A strange-looking object drifted nearby, crusted with a white coating, with a long neck and a cluster of white tufts at one end. It took a moment, but Aleja finally recognized the structure as a branch from a tree and reached out to grab it. At her sudden touch, many of the flash-frozen leaves broke off in a white haze. She held the twig for a few seconds, then sighed and released it, watching it drift away.

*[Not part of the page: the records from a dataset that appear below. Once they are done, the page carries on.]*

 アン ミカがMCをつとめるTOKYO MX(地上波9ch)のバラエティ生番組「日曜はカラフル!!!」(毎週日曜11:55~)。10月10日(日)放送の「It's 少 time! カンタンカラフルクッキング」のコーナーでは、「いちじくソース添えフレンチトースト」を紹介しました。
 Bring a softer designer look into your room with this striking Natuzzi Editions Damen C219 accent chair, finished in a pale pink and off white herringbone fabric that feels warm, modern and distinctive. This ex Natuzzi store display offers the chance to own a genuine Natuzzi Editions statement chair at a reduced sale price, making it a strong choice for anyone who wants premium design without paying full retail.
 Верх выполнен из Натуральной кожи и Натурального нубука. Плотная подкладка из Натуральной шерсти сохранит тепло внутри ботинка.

Looking closer at the debris field, she could see three other pods about the same size as her own. That wasn’t a surprise; when the ring wave flung them all into space, there were nearly three hundred in close proximity to her own. When the various completed pods were moved to the ring, the smaller ones naturally grouped together to prevent land-pirates from stealing their lifeboats. Nearly everyone there was armed with some sort of gun, and as the meteor got closer to Earth, there were more desperate pirates attacking the pod-owners. The large majority of the pirates went after the big family and corporate units, objects that would last more than a few weeks, which, in a way, protected the smaller, less survivable pods. The really large structures, over one hundred meters wide, had their own armies to protect them. And, of course, they were sequestered behind the steel walls of their structures. It was difficult to breach such walls. Wall thickness and launch weight weren’t a limitation; the launch was free, powered by the meteor. It didn’t matter how much you weighed as long as your structure was sturdy enough to survive the gee-forces during launch. You just had to be able to get your ship or your habitat to the ring perimeter after it was built, or build it in place.

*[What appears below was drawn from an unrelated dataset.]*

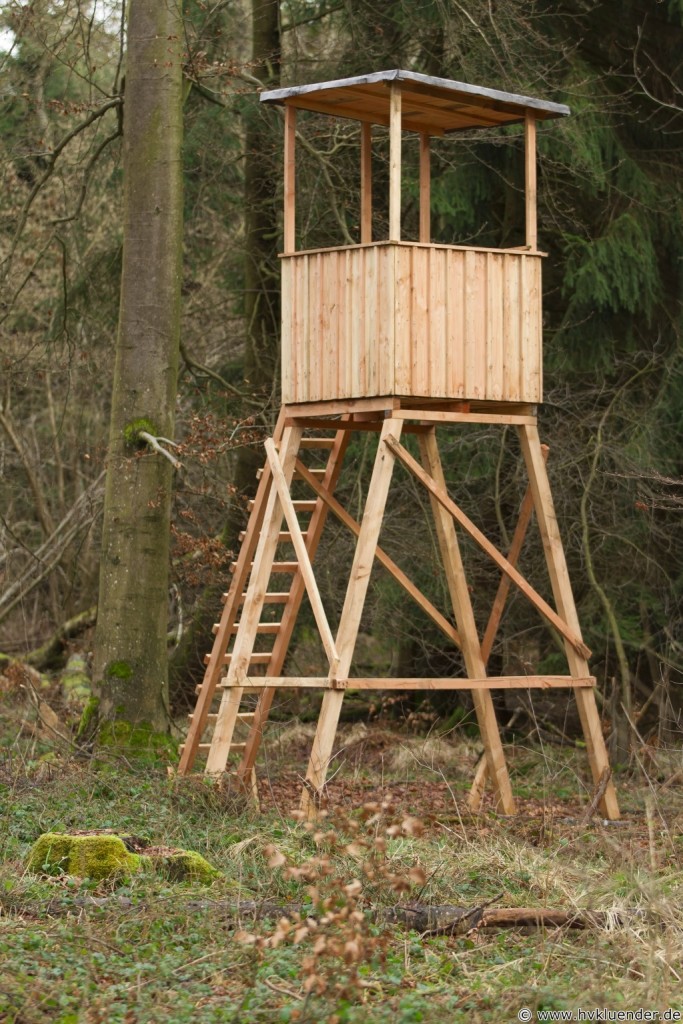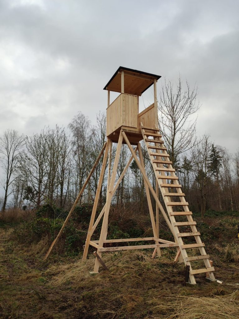 Alle unsere Untergestelle für offene, halb-offene sowie geschlossene Kanzeln und Schlafkanzeln sind durch diagonale Verstrebungen stark versteift und langlebig in Form und Stabilität.

Aleja attached her tether line to an external recessed lug. She drifted around the outside of her pod, looking for any damage. There were no projections; being thrown into space with tons of rock would have stripped anything off the surface, but there were several threaded and recessed connection points. Except for gouges and dents, the ball appeared to be intact.

The open door to her pod looked like a glowing eye staring out into the darkness. Despite the circumstances that put her here and the unimaginable amount of death, there was an eerie beauty to the destruction. The shadows cast by the boulders through the debris field looked like black columns of obsidian, while balls of ice sparkled like diamonds. So much beauty and so much death.

From the corner of her face shield, she caught movement and turned that way, expecting to see another rock come tumbling through. Instead, she saw a figure much like her self near another pod. Their pod was slightly larger, shaped like a cube with the corners trimmed into triangular shapes. It was at least five hundred meters away, one of the three she’d seen when she first exited her own. They would have to be preparing their own pod for survival just as she was.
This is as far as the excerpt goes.